Once the good are produced, packaged, promoted, branded and priced they must be made available to the consumers. That is, they must be moved from the place where they are produced to the place where they would be consumed. This physical movement of products from the place of production to the place of consumption is known as physical distribution of products. It involves the following four major activities.
1. Processing of Order :- Processing of order and delivery of goods is the most important component of buyer-seller relationship. Processing of order comprises of a number of a steps such as placement of order, transmission of the order by the intermediaries to the manufacturer, maintenance of inventory as per the requirement, delivery of goods, etc. All such processes take time. Physical distribution system should be such that it should ensure speedy and proper order processing. Generally, there exists a direct relationship between speed and accuracy of order processing and customer satisfaction. Fast and accurate order processing provides a consumer greater satisfaction. Thus, a proper system of order processing is of vital importance.
2. Transportation of Products :- Transportation of products refers to the physical movement of goods from the place where they are manufactured to the place where they are consumed. The potential consumers of a product are spread across a large geographical area. To make the goods physically available to them, they must be transported from the place of production to the place of consumption. Unless the products are physically transported and made available at the place of consumption, sale cannot take place.
3. Warehousing :- Generally, there is a time lag between the act of production and the act of sale or consumption. This implies that the goods must be properly stored and assorted before the actual sale takes place. This process of storing and assorting the products is known as warehousing. Proper warehousing ensures efficiency in delivery and sale of products which in turn results in greater customer satisfaction. For example, through warehousing a company can maintain stock of products and ensure timely delivery of goods as and when required. However, maintaining warehouses involves its own cost. Thus, a company must weigh the relative benefits and costs associated with warehousing and maintain a balance between the two as per the requirement.

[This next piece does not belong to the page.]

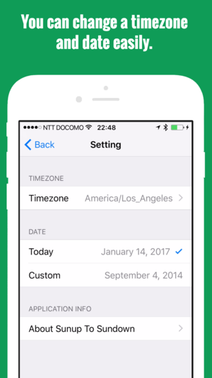 This app is a simple utility that calculates sunrise and sunset times. It shows times which you drop a pin to the map. You can bookmark any location on map and see the information just as quick. Features: - Display sunrise and sunset times - Bookmarking function - Get current location by GPS - Use…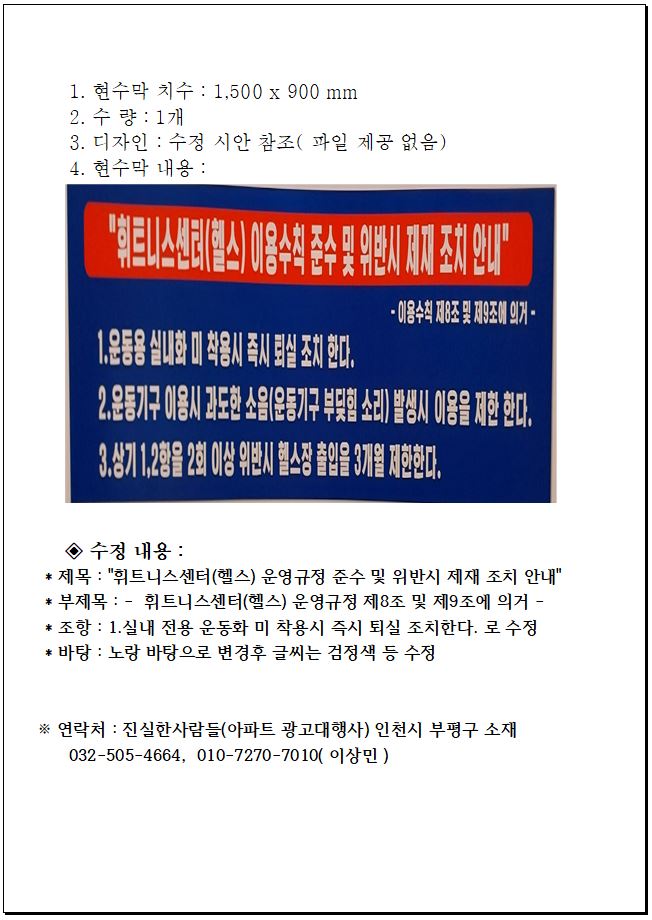 현수막내용: "휘트니스센터(헬스) 이용수틱 준수 및 위반시 제재 조치 안내"

4. Maintenance of Inventory :- Inventory implies maintaining a stock of products. The firms maintain inventory so as to ensure timely supply of products. Inventory shares a direct relation with customer service. Maintenance of higher inventory helps a firm in ensuring timely delivery of goods to the customers and thereby, improve customer service. However, maintenance of inventory involves a cost as a huge amount of capital remains tied up in the stock unless it is sold. Thus, the firms must strike a balance between customer service and cost. A firms’ decision to maintain inventory is based on several factors such as how well the distribution system responds to the orders and the deliveries, cost involved in holding the inventory, firms’ objectives, etc. An appropriate inventory must be decided by the firm keeping in consideration the various costs and benefits involved.